‘Respect your elders’ is a phrase often repeated to children and that you are likely to have heard many times yourself. But what does it mean and why is it so important for younger generations to give respect to older people?
In this piece, Lottie delves into the reasons that society should hold its seniors in high esteem, as well as advising on small things that individuals can do to respect seniors.
Despite being a large and growing group in the UK, the elderly are often overlooked. It is common for the views of older people to be dismissed or not considered, with their age being used as reason to do so.
This is ageism - a form of discrimination in which the capabilities of people are assumed to be poor because of their age. Any form of discrimination is wrong and should be fought against.
This means respecting your elders is a vital part of ending prejudice in the UK, so that people of all backgrounds have access to the same rights and opportunities.
Polarisation has become a much used term in conversations about politics and society. Two groups often pitted against one another are the young and old.
Younger people are told their elders have backwards views, while older folks are told their juniors are naive. Recognising these as stereotypes and reaching out is the way to combat this division.
Taking time to speak with those older than you and enjoy their company can help you to see they aren’t so different from you.
Not only may older people share similar concerns about life, they are also likely to have more life experiences and wisdom to share on problems.
Older people’s advanced age means they have faced many of life’s challenges already and will have useful information to share from their experiences.
Start a meaningful conversation with an older relative or neighbour and you are likely to find they have advice on life worth listening to.
The ability of senior citizens to teach those younger than them is not limited to life problems.
Years of experience mean older people possess a vast wealth of knowledge to pass on, particularly around history and skills.
Take time to listen to the elderly and you’ll often be surprised by the unusual stories that you’ll hear about the past. It’s a vital part of remembering history and respecting the experience of older generations.
Next time your grandparents start talking about ‘back in the day’, listen in they may have some valuable life advice to share!
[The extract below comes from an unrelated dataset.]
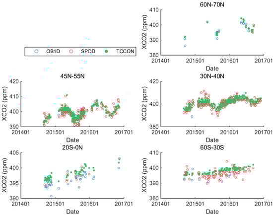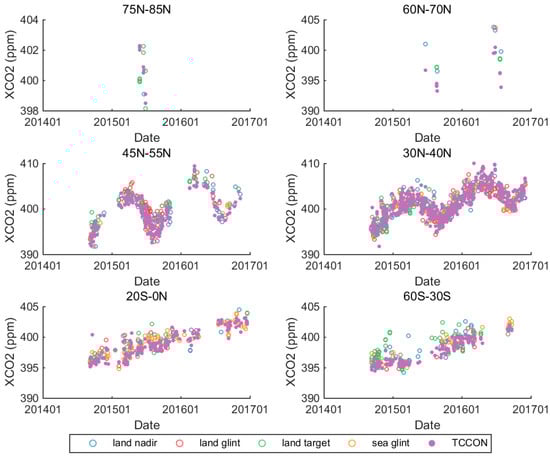 Comparison of XCO2 measurements of OCO-2 and GOSAT since September 2014 with TCCON data for a long observation in terms of six latitude zones, 75°N–85°N, 60°N–70°N, 45°N–55°N, 30°N–40°N, 20°S–0°, 60°S–30°S.
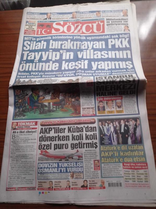 Sözcü Gazetesi - 8 Mart 2015 - Fenerbahçe Galatasaray Derbisi - Silah Bırakmayan PKK Recep Tayyip Erdoğan'ın Villasının Önünde Keşif Yaomis- Atatürk'e Dil Uzatan AKP'li Kadınlar Atatürk'e Dua Etsin - AKP'liler Küba'dan Dönerken Koli Koli Özel Puro Getirmiş adlı eser Türkçe dilindedir.

Research has proven the benefits of cross-generational interaction, particularly between children and the elderly.
A report from Stanford showed that younger people benefit from strong relationships with their seniors, gaining advice from a group that generally has the experience and time to nurture them.
Meanwhile, older people are nourished by the emotional connection that they form with their juniors. Taking the role of a mentor is rewarding and provides a sense of purpose.
Older people may have different capabilities to you and it is important to remember this.
Age sometimes impacts a person’s physical abilities, with joint pain or mobility issues becoming more likely as life progresses. This is not a reason to pity or patronise an elderly person but does mean that lending a helping hand is sometimes appropriate.
It may be giving up your seat on the bus or offering to carry someone’s shopping. These small gestures can be incredibly meaningful and make a big difference to their day.
Whether the person you help is in need or not, offering your service is a simple and kind way to appreciate the needs of different people.
Finally, you should show deference to your elders because they are the people who built the society you live in.
Just as society must contemplate the failings of history, it should celebrate the accomplishments of older generations. Although the world is not perfect, failing to recognise positive achievements in the past can cause people to feel hopeless about the state of the world.
Listening to and venerating the experiences of elderly relatives or friends will empower you in your own life. Be inspired by the successes of those around you.
So, how do you show respect to your elders? Simply not being rude is not enough to do this – you must be active in showing your regard for older people.
Easy ways to do this include:
Although showing respect may often mean offering assistance, it is important that you avoid these actions becoming demeaning. You must not automatically assume that an older person is in need of your help and should listen to them if they say they are not.
For example, when offering your seat on a bus or train, you must ask before standing up and should only move if they have agreed they would like to sit down. Continuing to attempt to offer your seat could lead to the other person feeling badgered and even offend them.
And that concludes Lottie’s guide to respecting your elders. Never forget what they have already done for you and what more they still might.